Last Thursday, a fraternity of private school owners gathered at Standard High School in Zana for the second delegates’ conference of the federation of non-state education institutions.
The day’s business saw directors from private kindergartens, primary and secondary schools as well as colleges working out the basics on how to make their federation work.
They had to agree on tenets of the memorandum and articles of association, as well as the election of some interim committee members. But the master stroke of the whole action was the invitation of the director of Basic Education, Dr Robinson Nsumba-Lyazi, and his colleague, the commissioner for Private Schools and Institutions, Ismail Mulindwa.
And the two men did not disappoint. Preferring to stay above the fray as the directors jostled for positions, the two gave their blessing to the federation.
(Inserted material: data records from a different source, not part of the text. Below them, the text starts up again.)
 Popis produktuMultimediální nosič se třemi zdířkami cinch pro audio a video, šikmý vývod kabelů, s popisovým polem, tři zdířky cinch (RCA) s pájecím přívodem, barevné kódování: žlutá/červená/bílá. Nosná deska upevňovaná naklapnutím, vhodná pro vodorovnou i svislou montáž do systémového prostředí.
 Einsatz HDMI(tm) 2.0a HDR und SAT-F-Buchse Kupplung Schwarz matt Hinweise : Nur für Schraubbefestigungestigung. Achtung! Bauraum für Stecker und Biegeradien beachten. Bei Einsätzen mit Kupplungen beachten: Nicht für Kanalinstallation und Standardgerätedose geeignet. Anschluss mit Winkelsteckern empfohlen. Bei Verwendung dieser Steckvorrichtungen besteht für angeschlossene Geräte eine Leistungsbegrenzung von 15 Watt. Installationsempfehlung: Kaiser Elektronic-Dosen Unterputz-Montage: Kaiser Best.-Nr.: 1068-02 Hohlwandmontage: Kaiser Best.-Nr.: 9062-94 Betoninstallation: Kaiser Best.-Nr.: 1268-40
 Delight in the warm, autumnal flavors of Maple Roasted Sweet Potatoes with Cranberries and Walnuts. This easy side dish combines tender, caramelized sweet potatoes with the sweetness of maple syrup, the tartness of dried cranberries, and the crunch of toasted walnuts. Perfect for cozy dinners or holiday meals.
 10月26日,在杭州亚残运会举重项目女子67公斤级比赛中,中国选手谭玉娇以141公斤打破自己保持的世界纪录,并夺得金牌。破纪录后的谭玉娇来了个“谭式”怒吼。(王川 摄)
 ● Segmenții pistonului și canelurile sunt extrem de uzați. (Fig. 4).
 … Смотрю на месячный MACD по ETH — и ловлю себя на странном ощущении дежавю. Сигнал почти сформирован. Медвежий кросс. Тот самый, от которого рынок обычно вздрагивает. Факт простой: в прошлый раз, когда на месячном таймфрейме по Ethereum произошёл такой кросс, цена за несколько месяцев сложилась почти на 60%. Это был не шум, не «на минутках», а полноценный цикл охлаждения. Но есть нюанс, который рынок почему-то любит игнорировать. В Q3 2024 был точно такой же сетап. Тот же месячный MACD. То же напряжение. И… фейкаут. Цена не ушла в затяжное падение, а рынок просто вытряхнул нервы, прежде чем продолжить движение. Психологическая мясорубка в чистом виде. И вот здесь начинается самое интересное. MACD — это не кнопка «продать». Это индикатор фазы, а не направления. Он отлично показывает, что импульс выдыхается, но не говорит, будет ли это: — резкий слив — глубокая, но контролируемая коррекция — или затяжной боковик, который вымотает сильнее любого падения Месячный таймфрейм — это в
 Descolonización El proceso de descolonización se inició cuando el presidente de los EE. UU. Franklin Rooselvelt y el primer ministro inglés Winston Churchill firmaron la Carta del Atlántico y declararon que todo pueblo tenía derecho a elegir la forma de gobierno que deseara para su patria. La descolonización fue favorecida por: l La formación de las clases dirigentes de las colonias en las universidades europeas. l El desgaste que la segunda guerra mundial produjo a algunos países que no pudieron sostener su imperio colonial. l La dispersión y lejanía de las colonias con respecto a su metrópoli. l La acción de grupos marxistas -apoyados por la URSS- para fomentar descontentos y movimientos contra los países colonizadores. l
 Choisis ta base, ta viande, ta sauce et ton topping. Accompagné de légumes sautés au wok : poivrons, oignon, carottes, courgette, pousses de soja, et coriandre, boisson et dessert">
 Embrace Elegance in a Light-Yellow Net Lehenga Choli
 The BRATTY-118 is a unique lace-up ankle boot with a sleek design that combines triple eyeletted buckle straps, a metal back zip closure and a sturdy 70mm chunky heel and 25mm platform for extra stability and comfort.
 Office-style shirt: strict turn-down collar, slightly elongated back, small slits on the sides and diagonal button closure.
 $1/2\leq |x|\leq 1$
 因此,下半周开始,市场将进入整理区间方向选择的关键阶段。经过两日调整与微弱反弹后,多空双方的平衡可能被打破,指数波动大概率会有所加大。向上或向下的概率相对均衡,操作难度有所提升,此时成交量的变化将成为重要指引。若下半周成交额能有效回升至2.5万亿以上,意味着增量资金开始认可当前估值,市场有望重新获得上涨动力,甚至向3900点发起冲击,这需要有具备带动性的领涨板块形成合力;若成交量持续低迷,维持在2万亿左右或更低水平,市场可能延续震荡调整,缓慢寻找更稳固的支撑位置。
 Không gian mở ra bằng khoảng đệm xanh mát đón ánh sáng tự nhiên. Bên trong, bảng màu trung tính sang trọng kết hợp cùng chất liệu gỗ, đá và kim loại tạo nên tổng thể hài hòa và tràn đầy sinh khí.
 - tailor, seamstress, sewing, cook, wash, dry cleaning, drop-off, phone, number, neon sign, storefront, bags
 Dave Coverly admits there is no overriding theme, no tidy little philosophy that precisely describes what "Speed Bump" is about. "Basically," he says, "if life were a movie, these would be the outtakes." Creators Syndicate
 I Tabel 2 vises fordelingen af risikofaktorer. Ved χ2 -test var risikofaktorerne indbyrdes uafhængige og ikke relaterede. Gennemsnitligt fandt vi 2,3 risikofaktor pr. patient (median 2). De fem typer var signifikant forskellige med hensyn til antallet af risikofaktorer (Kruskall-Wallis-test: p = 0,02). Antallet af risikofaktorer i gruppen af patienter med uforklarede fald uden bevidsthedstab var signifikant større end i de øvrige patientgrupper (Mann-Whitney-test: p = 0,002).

In separate speeches, Dr Nsumba-Lyazi and Mulindwa argued that the federation would bring directors together, making it easier for the education sector to relate with them on mutually important policy matters.
Mulindwa Said: This will put right what is not done the right way … so that you are taken seriously when the sector is distributing scholastic materials like textbooks and others”.
Nsumba-Lyazi was happy to pledge that once the federation was up and running, its executives would be invited to ministry meetings to help grind out pressing sector issues.
Expectedly, this attracted the loudest cheer and the greatest interest, since school owners have had innumerable complaints to make about the ministry for years.
Over the years, the ministry bureaucrats just locked themselves behind paneled doors and made decisions that irritated the school owners more. Now things will have to change, the bureaucrats will be sitting in those meetings with the school owners.
Hopefully, the smiles will be broader, as the ministry and the school owners agree on many issues. Alternatively, both will grin through the pain as the reality that some of their best hopes can’t be reached immediately, comes home.
In the end, it is always good when an extra set of brains gets ready to embrace and resolve the sector’s problems.